## BRIEF
Give back every record word for word, keeping the pictures out.

[Records from a collection]
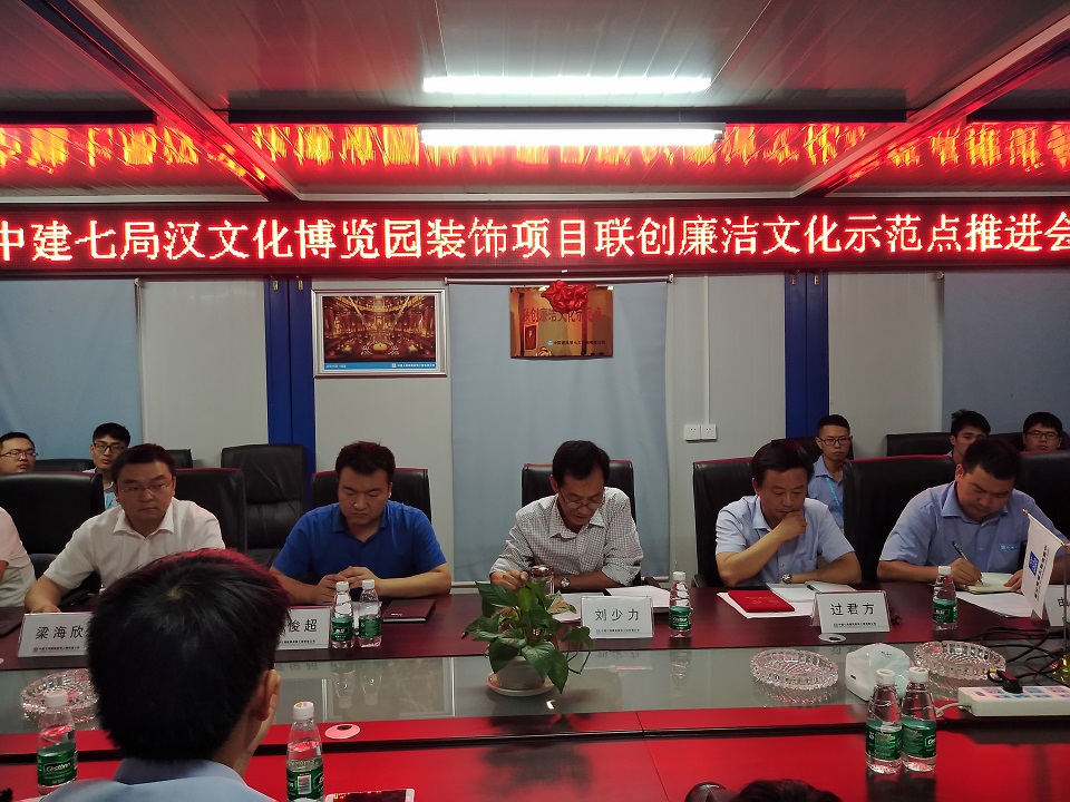 漢文投訊 2017年9月14日,漢文化博物館裝飾項目召開聯(lián)創(chuàng)廉潔文化示范點推進會,漢文投集團公司黨委副書記兼紀委書記劉少力、中建七局裝飾指揮長菅俊超、江蘇無錫華誠監(jiān)理有限公司總經(jīng)理助理兼工程部總經(jīng)理過君方出席會議。
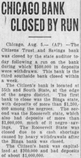 Third Chicago Bank Closed Out by Run Associated Press) CHICAGO, citizens Trust and Savings bank closed the state auditor today following on the bank during which $500,000 deposits were withdrawn. This bank the third South bank closed during the last week. The Citizens bank located and South State, the edge the negro district. The first bank was the Binga State, with posits more than among The second the Roosevelt State, which also more than much negro savings.
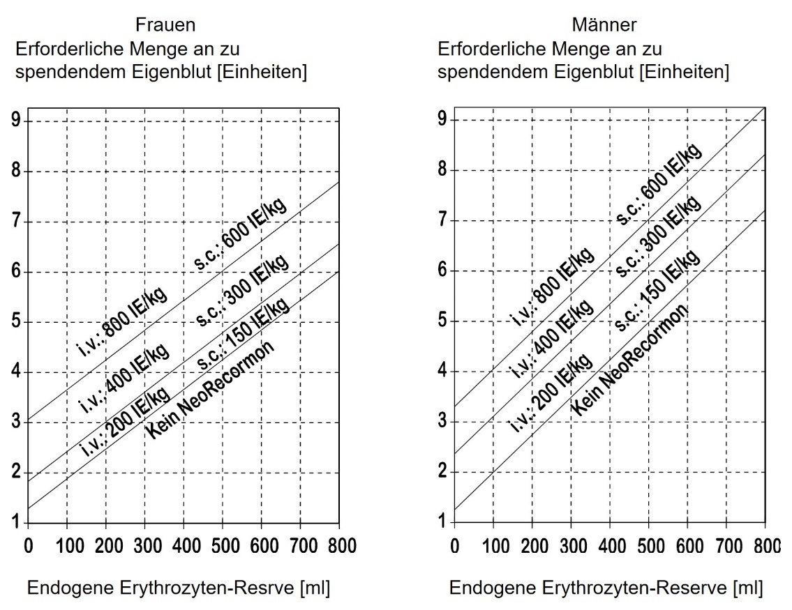 Die Notwendigkeit für eine Behandlung mit NeoRecormon sowie gegebenenfalls die Einzeldosis werden aus der erforderlichen Menge an zu spendendem Eigenblut und der endogenen Erythrozyten-Reserve anhand der folgenden Grafiken abgelesen:
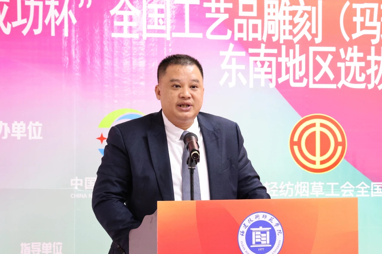 On November 25th, the 2022 "Success Cup" Southeast Region Trial of the National Light Industry Vocational Skills Competition of Crafts Carving (Agate Jade) was successfully opened in FPNU. President Liao Shenji attended the opening ceremony and delivered a speech.
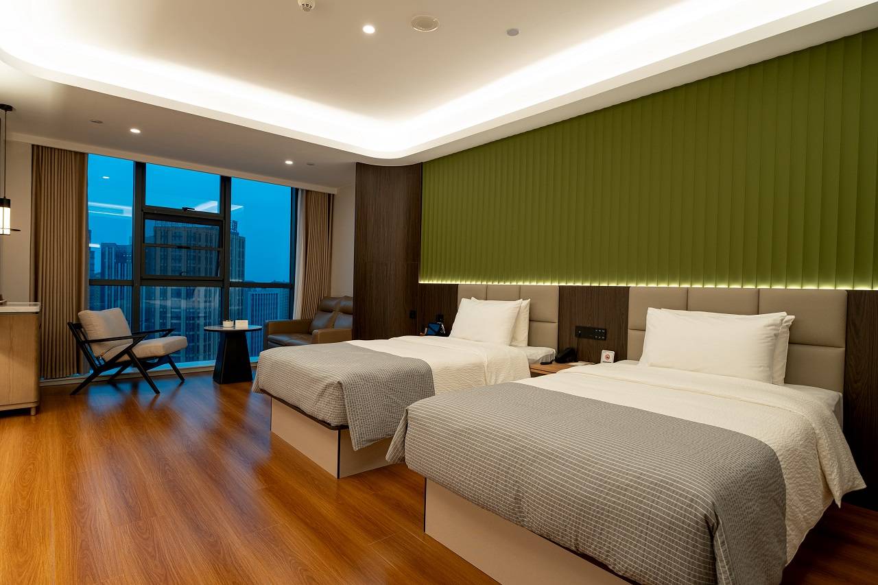 房间干湿分离,离三门峡南站近。免费接送高铁站,免费一日三餐。房间有各种零食,纯净水随便拿,不限量。房间智能语音拉窗帘,开灯,唱歌。还有免费健身房。服务态度很好。下次再来
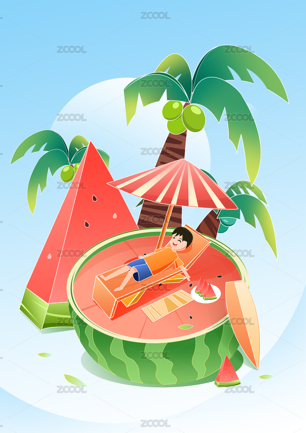 夏天大海沖浪清涼西瓜矢量插畫
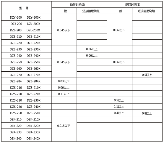 2.1動(dòng)作電壓與保持電壓不大于70%額定電壓, DZY(J)-201動(dòng)作電壓不大于80%額定電壓;動(dòng)作電壓不小于30%額定電壓, DZK-200及DZB 243不小于50%額定電壓。
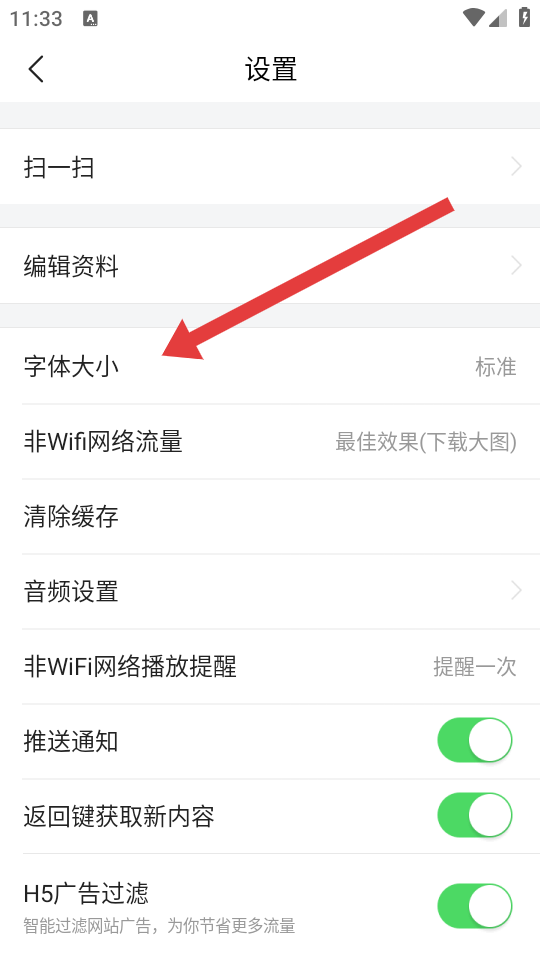 2、在設(shè)置頁面,點(diǎn)擊字體大小的選項,進(jìn)入字體大小預(yù)覽界面。
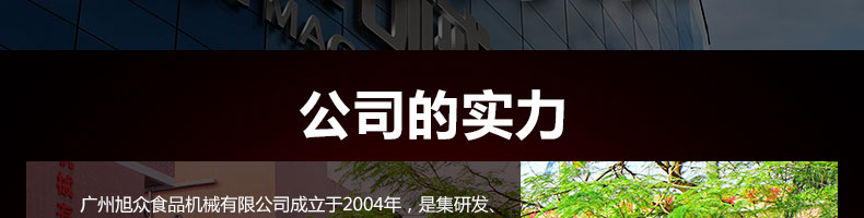 廣州旭眾食品機械有限公司是一家集科研開發,生產設計,營銷服務為一體的現代化生產企業?,F代化生產車間,精湛制造技術,所產機械歷經市場重重考驗,不斷贏得海內外客戶的贊譽。
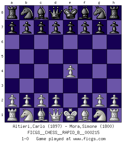 Last move : 1-0 2014 March 30 18:57:6 [Event "FICGS__CHESS__RAPID_B__000215"] [Site "FICGS"] [Date "2014.02.28"] [Round "1"] [White "Altieri,Carlo"] [Black "Mora,Simone"] [Result "1-0"] [WhiteElo "1897"] [BlackElo "1800"] 1.e4 1-0 This chess game has been lost on time (started : 2014.02.28 16:48:55) King's pawn Opening Player White won this chess game. Follow this game move after move (download)The beauty of a move lies not in its' appearance but in the thought behind it. (Siegbert Tarrasch) Auf jeden Fall musst du zuerst Rechtsanwalt werden, damit du deine eigenen Interessen und die deiner Familie vertreten kannst. [Brief an seinen Sohn] (José Raúl Capablanca) No todos los artistas son jugadores de Ajedrez, pero todos los jugadores de Ajedrez son artistas. (Marcel Duchamp) Dieu déplace le joueur, et celui-ci la pièce. Quel Dieu derrière Dieu commence donc la trame ? Arturo Perez-Reverte (prix de littérature policière 1993). A bird doesn't sing because it has an answer, it sings because it has a song. (Maya Angelou)
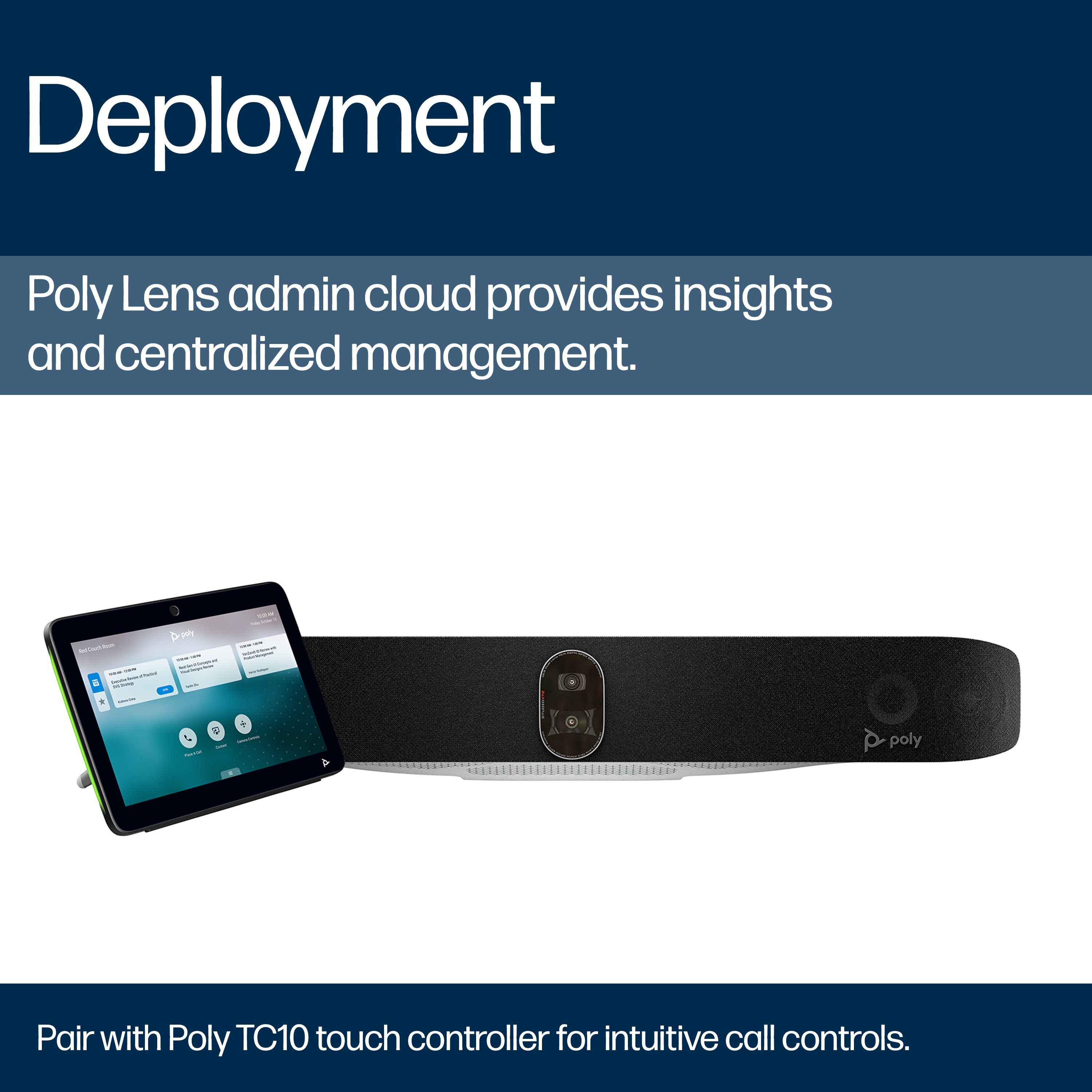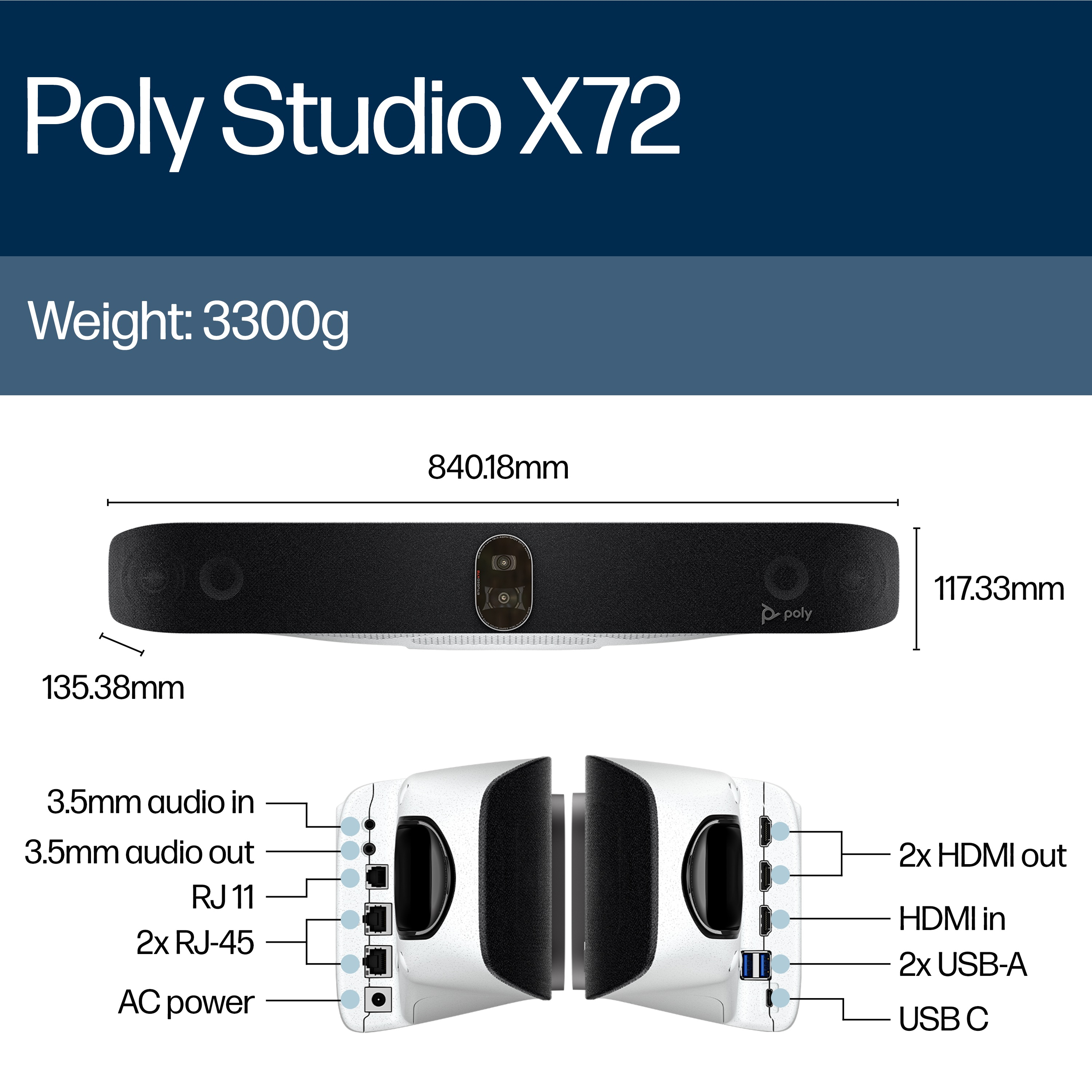 The Poly Studio X72 boasts a sleek, minimalist design that complements any professional meeting space. Its all-in-one video bar form factor reduces cable clutter and installation complexity, creating a clean and organised environment. The premium build quality reflects Poly’s commitment to durability and performance, making it a standout choice for Australian businesses prioritising both aesthetics and functionality.
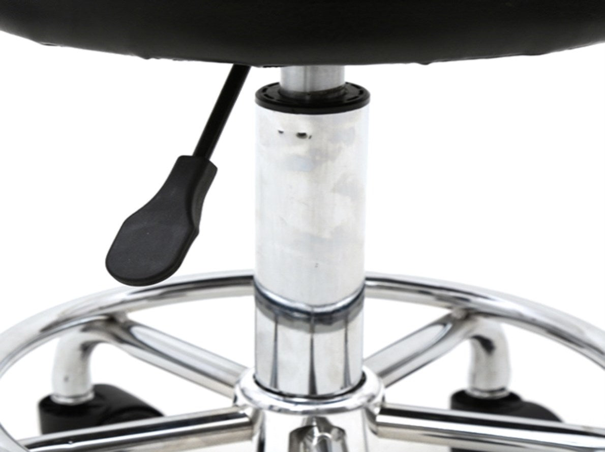 Are you looking for a high quality adjustable salon stool? Then this Round Shape Adjustable Salon Stool with Back and Line is an excellent choice for you! It is made of high quality PU leather & sponge & iron plating chrome material, durable and safe for your or your family use a long time. With a light weight and practical design, it is easy for you to move it. It also features anti-skidding and anti-rust design, so you can rest assured to buy it! You will feel satisfied!
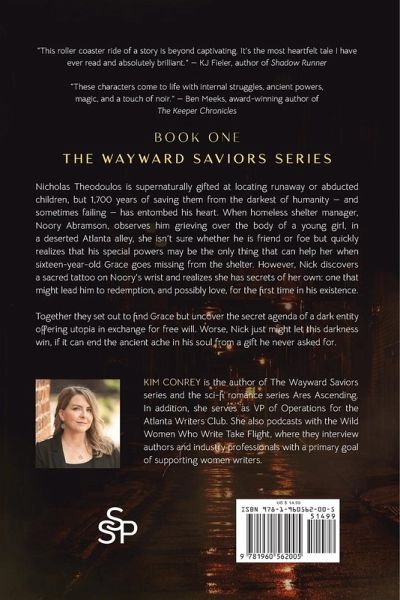 Nicholas Theodoulos is an immortal savior in desperate need of saving. All the power, wisdom, and even the favor of the gods is not enough when 1,700 years of heartache have left marks on his soul. But Noory Abramson, a streetwise woman with a sacred tattoo and a touch of grace, steps from the shadows, not knowing if she's arrived in time to save him or end him for good. With a heart grown as heavy as his, either fate might do. When Noory observes Nick grieving over the body of a young girl in a deserted Atlanta alley, she isn't sure whether he is friend or foe. However, she quickly realizes his special powers to rescue children and rain down vengeance on those that harm them may be the only thing that can help her when one of her charges, sixteen-year-old Grace, goes missing from the local homeless shelter. Soon, Nick discovers Noory has secrets of her own: one that might lead him to redemption, and possibly love, for the first time in his painful existence. In their world, a gift looks a lot like a curse, and Noory must reach Nick before his gift consumes him.

## WRITTEN ANSWER
 漢文投訊 2017年9月14日,漢文化博物館裝飾項目召開聯(lián)創(chuàng)廉潔文化示范點推進會,漢文投集團公司黨委副書記兼紀委書記劉少力、中建七局裝飾指揮長菅俊超、江蘇無錫華誠監(jiān)理有限公司總經(jīng)理助理兼工程部總經(jīng)理過君方出席會議。
 Third Chicago Bank Closed Out by Run Associated Press) CHICAGO, citizens Trust and Savings bank closed the state auditor today following on the bank during which $500,000 deposits were withdrawn. This bank the third South bank closed during the last week. The Citizens bank located and South State, the edge the negro district. The first bank was the Binga State, with posits more than among The second the Roosevelt State, which also more than much negro savings.
 Die Notwendigkeit für eine Behandlung mit NeoRecormon sowie gegebenenfalls die Einzeldosis werden aus der erforderlichen Menge an zu spendendem Eigenblut und der endogenen Erythrozyten-Reserve anhand der folgenden Grafiken abgelesen:
 On November 25th, the 2022 "Success Cup" Southeast Region Trial of the National Light Industry Vocational Skills Competition of Crafts Carving (Agate Jade) was successfully opened in FPNU. President Liao Shenji attended the opening ceremony and delivered a speech.
 房间干湿分离,离三门峡南站近。免费接送高铁站,免费一日三餐。房间有各种零食,纯净水随便拿,不限量。房间智能语音拉窗帘,开灯,唱歌。还有免费健身房。服务态度很好。下次再来
 夏天大海沖浪清涼西瓜矢量插畫
 2.1動(dòng)作電壓與保持電壓不大于70%額定電壓, DZY(J)-201動(dòng)作電壓不大于80%額定電壓;動(dòng)作電壓不小于30%額定電壓, DZK-200及DZB 243不小于50%額定電壓。
 2、在設(shè)置頁面,點(diǎn)擊字體大小的選項,進(jìn)入字體大小預(yù)覽界面。
 廣州旭眾食品機械有限公司是一家集科研開發,生產設計,營銷服務為一體的現代化生產企業?,F代化生產車間,精湛制造技術,所產機械歷經市場重重考驗,不斷贏得海內外客戶的贊譽。
 Last move : 1-0 2014 March 30 18:57:6 [Event "FICGS__CHESS__RAPID_B__000215"] [Site "FICGS"] [Date "2014.02.28"] [Round "1"] [White "Altieri,Carlo"] [Black "Mora,Simone"] [Result "1-0"] [WhiteElo "1897"] [BlackElo "1800"] 1.e4 1-0 This chess game has been lost on time (started : 2014.02.28 16:48:55) King's pawn Opening Player White won this chess game. Follow this game move after move (download)The beauty of a move lies not in its' appearance but in the thought behind it. (Siegbert Tarrasch) Auf jeden Fall musst du zuerst Rechtsanwalt werden, damit du deine eigenen Interessen und die deiner Familie vertreten kannst. [Brief an seinen Sohn] (José Raúl Capablanca) No todos los artistas son jugadores de Ajedrez, pero todos los jugadores de Ajedrez son artistas. (Marcel Duchamp) Dieu déplace le joueur, et celui-ci la pièce. Quel Dieu derrière Dieu commence donc la trame ? Arturo Perez-Reverte (prix de littérature policière 1993). A bird doesn't sing because it has an answer, it sings because it has a song. (Maya Angelou)
 The Poly Studio X72 boasts a sleek, minimalist design that complements any professional meeting space. Its all-in-one video bar form factor reduces cable clutter and installation complexity, creating a clean and organised environment. The premium build quality reflects Poly’s commitment to durability and performance, making it a standout choice for Australian businesses prioritising both aesthetics and functionality.
 Are you looking for a high quality adjustable salon stool? Then this Round Shape Adjustable Salon Stool with Back and Line is an excellent choice for you! It is made of high quality PU leather & sponge & iron plating chrome material, durable and safe for your or your family use a long time. With a light weight and practical design, it is easy for you to move it. It also features anti-skidding and anti-rust design, so you can rest assured to buy it! You will feel satisfied!
 Nicholas Theodoulos is an immortal savior in desperate need of saving. All the power, wisdom, and even the favor of the gods is not enough when 1,700 years of heartache have left marks on his soul. But Noory Abramson, a streetwise woman with a sacred tattoo and a touch of grace, steps from the shadows, not knowing if she's arrived in time to save him or end him for good. With a heart grown as heavy as his, either fate might do. When Noory observes Nick grieving over the body of a young girl in a deserted Atlanta alley, she isn't sure whether he is friend or foe. However, she quickly realizes his special powers to rescue children and rain down vengeance on those that harm them may be the only thing that can help her when one of her charges, sixteen-year-old Grace, goes missing from the local homeless shelter. Soon, Nick discovers Noory has secrets of her own: one that might lead him to redemption, and possibly love, for the first time in his painful existence. In their world, a gift looks a lot like a curse, and Noory must reach Nick before his gift consumes him.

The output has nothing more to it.